Music has been composed to inspire and encourage war, to whip up enthusiasm for war, to oppose and protest war, to announce war, accompany war, recover from war, to mourn the dead of war, to celebrate victory, to commemorate and remember war and the dead of war, to describe the effects of war. From war cries and marches to requiems, music has been part of war.
The earliest musical instruments, the drums and flutes and trumpets have been on battlefields until relatively recently and, along with the bagpipes, still figure into military ceremony.
And then there are all of the songs from the patriotic, the morale building, the protests, the propaganda, the grief stricken, the victorious. There are a million of them stretching back as far as as we have evidence. Johnny's Gone for a Soldier, Dixie, Cohan's Over There, Edwin Starr's War!, Peter Gabriel's Games Without Frontiers, David Gilmore's Cruise. I've written a few songs related to war, myself.
Because there is so much music associated with war and because I wanted to find some emotional solace for what I have been witnessing in Ukraine, I decided to listen to mostly western symphonic music from mostly the 20th century. Surely, I thought, with all of the war and composers connected to war, I will find something to listen to. But frankly, I couldn't sit through any one of the pieces.
I listened to Britten's War Requiem, Messiaen's Quartet for the End of Time, Holst's Mars, and Karel Husa's Music for Prague 1968, Schoenberg's Survivor from Warsaw, Ligeti's Kyrie, even some Shostakovich, but nothing captures the frantic blows of Putin's fist and the chaos and speed with which this destruction has unfolded.

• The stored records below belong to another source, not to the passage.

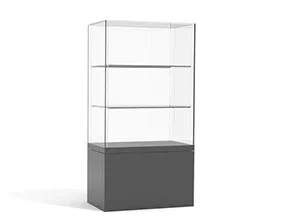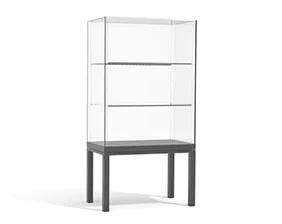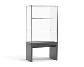 Four-sided, frameless glass display case atop a pedestal base. Available with glass top or with an opaque top for integrated lighting.  Standard features include:  removable interior deck, high-quality locks, hinged door access.
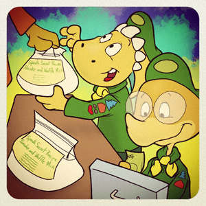 The Sprouts even use this recipe for when they have overnight camps. One year they had a fundraiser where they mixed up the dry mix and sold it in big zipper bags as “Sprouts Secret Recipe Pancake and Waffle Mix” with instruction on the label taped to the bag. As I recall, they did pretty good with that one.
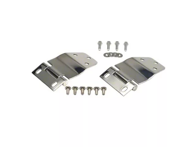 Premium Liftgate Hinge. The Liftgate Hinge (Polished Stainless Steel, Pair) is designed to replace old, broken, or corroded OE hinges on your Jeep CJ7. It restores both the look and functionality of your vehicle's liftgate, making it ideal for repair and restoration projects. This hinge is a reliable, OEM-quality replacement that integrates seamlessly with your factory parts.
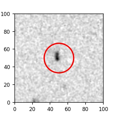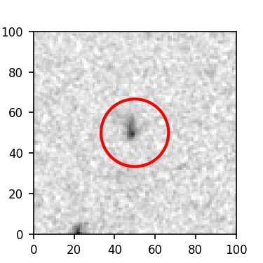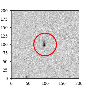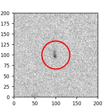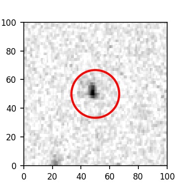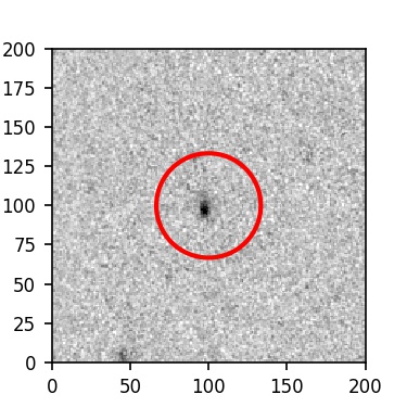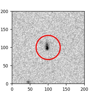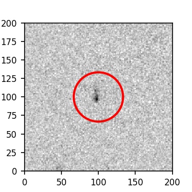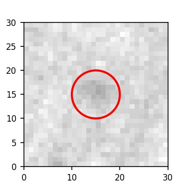 The red circle in the various panels is 1" in radius. The images are 6"x6".
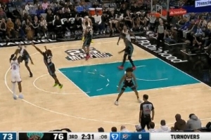 你惹他干嘛!巴恩斯一直喷哈登 随后被晃翻坐地 哈登还命中三分
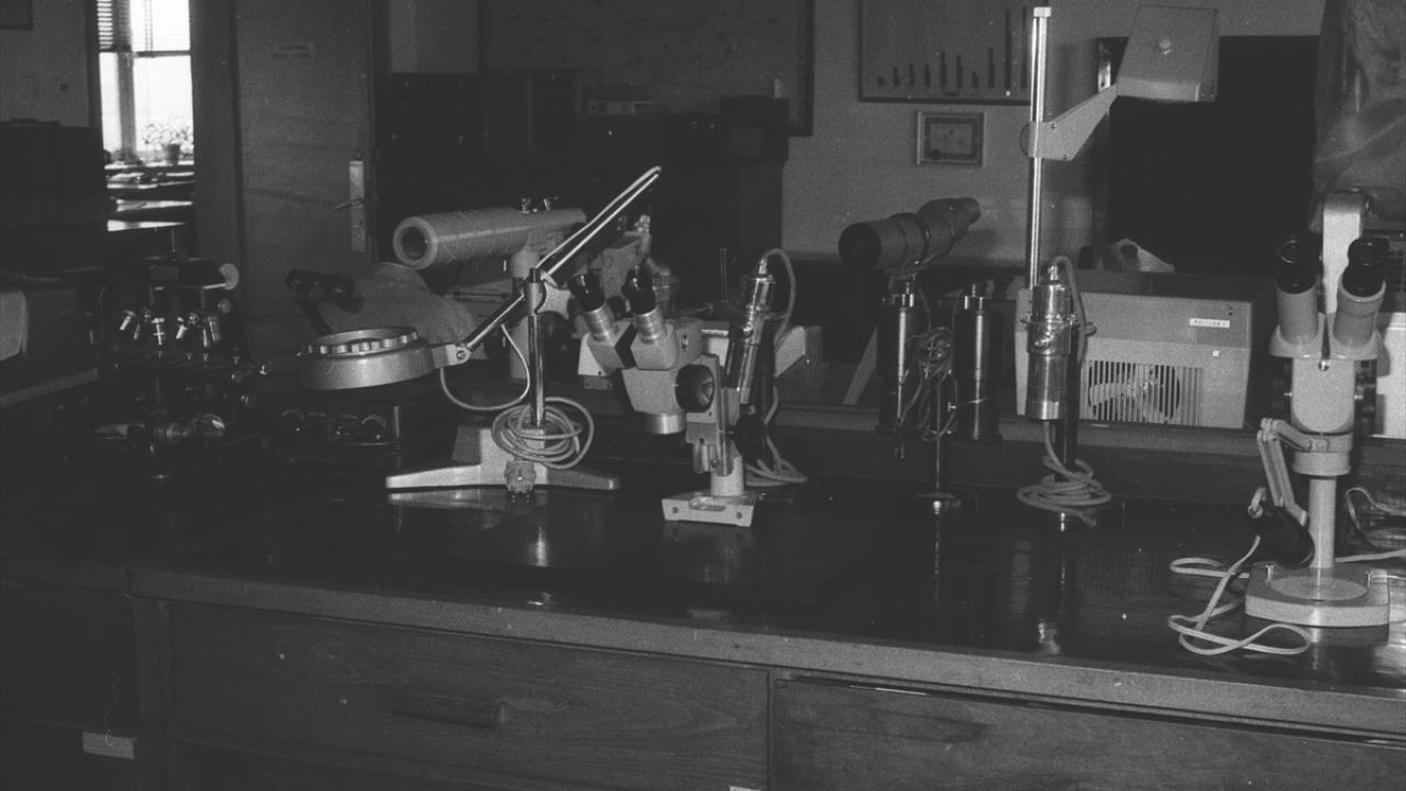 1970`li yıllarda Polis Kriminal Laboratuvarları`nda inceleme yapan çalışanlar.
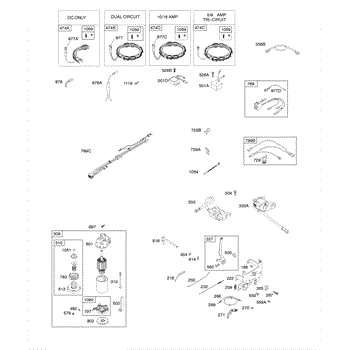 Parts for Briggs & Stratton 31Q507-0012-H1: Controls, Alternator, Wire Assy, Electric Starter, Governor Spring, Ignition Parts
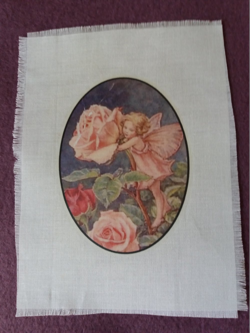 Illustration petite fée à la rose transférée sur tissu coton écru
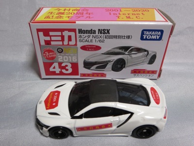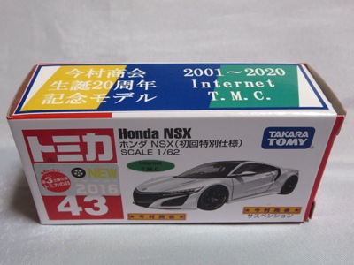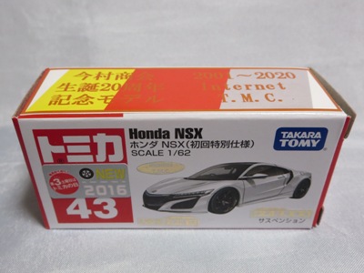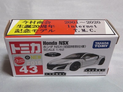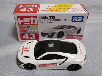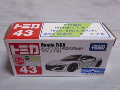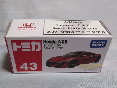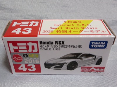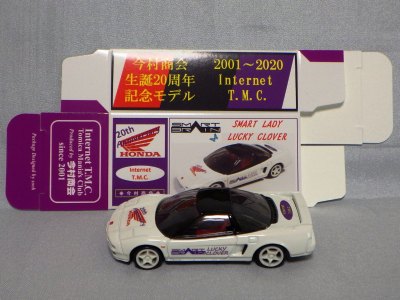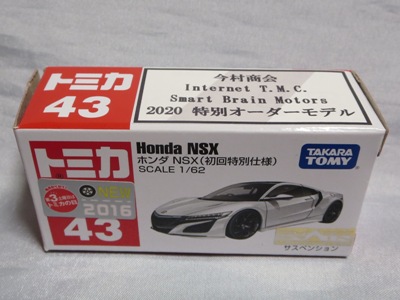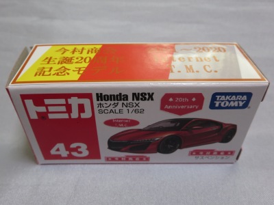 2020年2月1日より今村商会の公式サイトで受付が開始された今村氏の手による20周年記念シール貼付サービス(有料・価格は非公表)に申し込み、1か月以上かけて送付するベースモデル39台を厳選し、4月4日に送ったものが、作業を終えて2020年4月19日に戻ってきたうちの1台。 ベースは2016年に43NSXが初登場した時の初回限定カラーで、これと通常品レッドベースモデルで製作された2種が2017年1月に今村商会からリリースされたのが、スマートブレイン仕様の最初で、その時のホワイトベースのシールカラーはブラックであったが、今回はゴールドで、箱にも同じものが貼られてい る。 この後の紹介になるが、レッドシールバージョンとブルーシールバージョンも製作していただいた。 ゴールドシールバージョン のみ、2020年2月にヤフオクに出品された記録がある。 43ベースのスマートブレイン仕様は、2017年登場の通常品2種、4Dブルーベース、2017東京モーターショーベース、2019東京モーターショーベース 、上記の通常品レッドシールに続いて7種目となる。 |
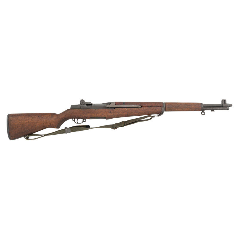 .30-06. 24" barrel length. SN: 911577. (Receiver dated October 1942) Parkerized arsenal refinish overall mounting oil finished walnut semi-pistol grip stock with full length upper handguard. Long stroke piston driven semi-automatic rifle charged with en bloc clips. Receiver serial number corresponds to October, 1942 production. Item was rebarreled with the current barrel date reading 10 64, for October, of 1964. The top of the bolt is punch dot marked, and the barrel shows a P proof and {Defense Acceptance Stamp}. Item additionally features the radius cut operating rod, and T105 pattern rear aperture sight. Comes with canvas Nobuckl pattern sling. {C&R}

This music is all too formal, too organized, even what used to seem so difficult to listen to. These organized compositions are too serene and intelligent and follow too many rules and take up too much time.
What's happening in Ukraine demands something of an entirely different order. Formal music helps us to frame experience and contend with emotions that are too big, too complex or delicate or traumatized to manage coherently on our own.
The only music suitable for what is unfolding in Ukraine right now is the wailing of banshees and the cries and weeping of keeners.